私達の弁護士チームの所へ、国王から特命を受けた人物が現れた。そして証人に何を証言させるつもりなのか、明かして欲しいという。証言から、明らかに第二王子に非があると分かったら。裁判は迅速に行い、第二王子に罪を認めさせるというのだ。
つまり取引の打診が来た。
提案内容が記載され、王印が押された書類も用意されている。
でもこれは裏取引。
しかしこの世界では、こういうことが割とまかり通っているという。
これについて弁護士チームの見解は……。
「国王がこのような形で動くのは、異例のことです。きっと陛下の中では、落としどころが見えているのでしょう。もし覆すことがあれば、新聞社にリークしていいと言っています。この王印つきの書類を暴露していいと。これなら取引しても、いいのではないでしょうか」
エリダヌスも国王に会い、いろいろ探ってくれた。
「陛下はこう考えているようです。この裁判で第二王子が敗北したら、男爵令嬢との婚約内定は取り消し。第二王子には爵位を与え、地方領へ赴任させるようです。刑罰を与えることにはなりませんが、王族ではなくなる。これは本人に大きなダメージを与えます。ですが陛下としては、刑罰を受けるより、第二王子の名誉は守られると考えたようです。ゆえにこの取引、受けていいと思います」
なんというか騎士団長であるエリダヌスがここまでしてくれることに驚くが、彼曰く「今は休暇中です。わたしは騎士団長として動いているつもりはないですから」なんて言っている。
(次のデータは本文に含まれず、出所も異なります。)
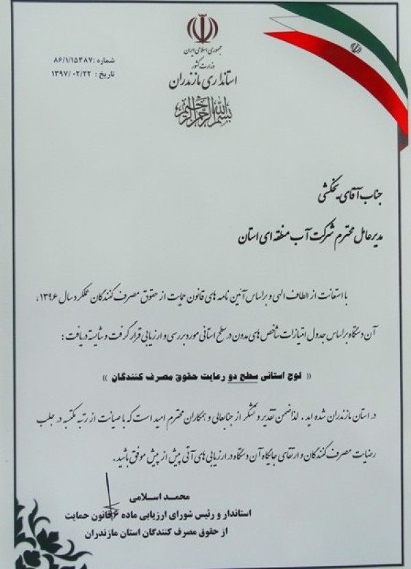 در این لوح استاندار مازندران ضمن اشاره به نحوه ارزیابی انجام شده از دستگاه اجرایی و اقتصادی استان، از جناب آقای دکتر محمد ابراهیم یخکشی مدیرعامل آب منطقه ای مازندران قدردانی و اظهار امیدواری نمود آن دستگاه در سالهای آتی نیز بتوانند در کسب رضایت مصرف کنندگان و دریافت کنندگان خدمات، رتبه و جایگاه برتر را کسب کند.

本当に、いろいろ驚くことが多い。ただこの世界、様々なことが前世より、厳密ではない。ゆえにエリダヌスのこの協力に感謝しつつ、国王との取引に応じることにした。
取引に応じた結果、通常は一か月から二か月後に行われる第一回の裁判が、わずか二週間後に行われることになった。これには私達の弁護士チームもビックリだったが、迅速に準備を進めてくれる。こうして万全の状態にできた。
一方の第二王子の弁護士達は、まさに泡を吹く状態。
でも決定事項なのだ。
もうドタバタ状態で彼らは、その日を迎えた。
いつもお読みいただき、本当にありがとうございます!
【お知らせ】最終章開始
『森でおじいさんを拾った魔女です~ここからどうやって溺愛展開に!?』
https://ncode.syosetu.com/n4187jj/
併読されている読者様、お待たせいたしました。
遂に第五章:幸せな帰結がスタートです。
ページ下部のリンク付きバナーからどうぞ!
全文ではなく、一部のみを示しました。